Finding the old book of essays from writers from my past reading days has been a good and inspiring time. Today I'm reading what Frank Slaughter wrote about becoming an expert. It's really about research and ising what you have learned effectively. Research can be fun and exhausting. The problem, at least for me, is finding how one trail leads to another and not being able to stop searching for some new tidbit. Often getting off track can halt the writing. One of the tricks I've found is to research a specific area in depth and forcing myself to avoid the byways at the expense of writing.

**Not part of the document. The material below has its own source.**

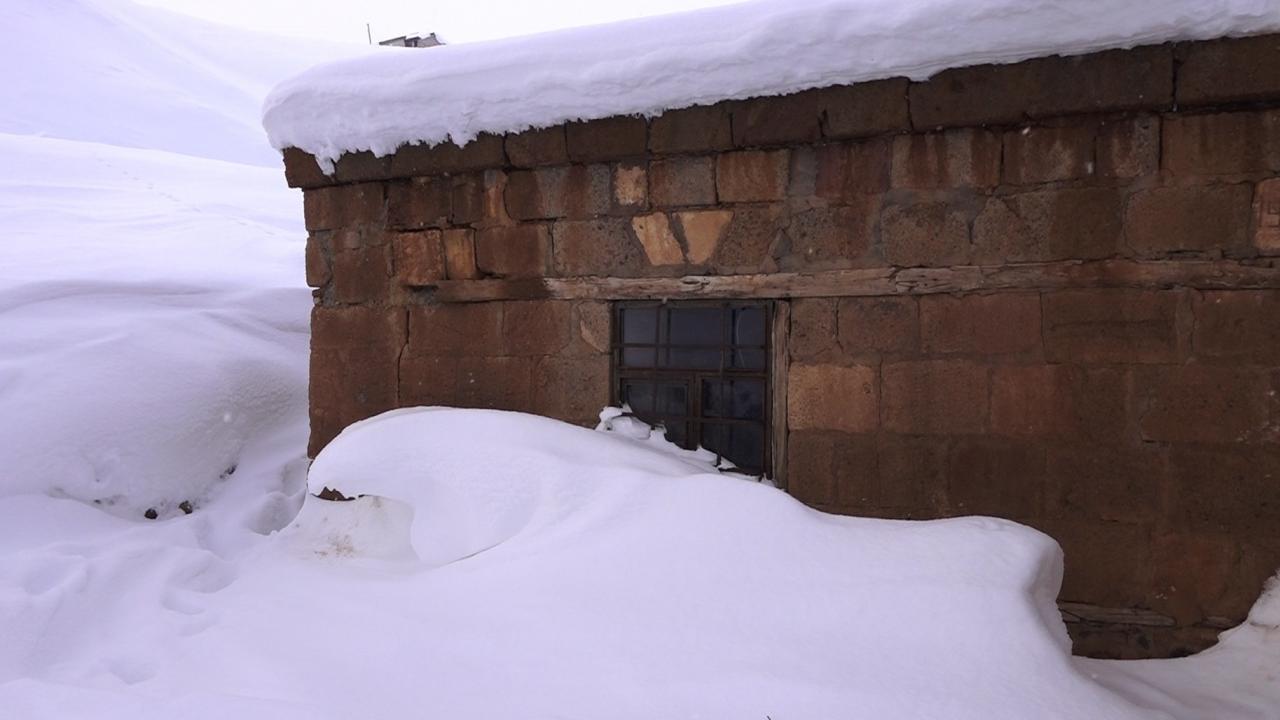 Yüksek rakımda olduğu için kar yağışı ve tipinin eksik olmadığı Yukarıyongalı köyünde, tek katlı evler ile ahır ve odunluklar, görünmeyecek duruma geldi.

Another problem with doing massive research is the desire to put everything learned into the story. Paragraphs and pages of facts are going to turn a reader off. What one has to do is choose from the pages they've read and taken notes on and selecting one or two facts needed to make the story seem real. When I was writing Obsessions, I drew a plan of the orthopedic storage room and listed every object in it. My initial draft read like a floor plan. Shaking my head, I cut this down to what I needed to bring the story to life. Doing this has taken time.
Writing other books has sent me to the experts in a field and boy do they like to talk. I've had doctors describe step by step a procedure and have had to pull out a fact or two that will make what I'm writing seem real.
What about you, do you tend to find research so interesting that you can't seem to stop and write what you learn? Has your critique partners called you a teacher rather than a writer? There may be no answer to the problem of over-researching, after all writers are curious people. When writing there is an answer, leave out the long passages and concentrate on those few facts that make your story seem real.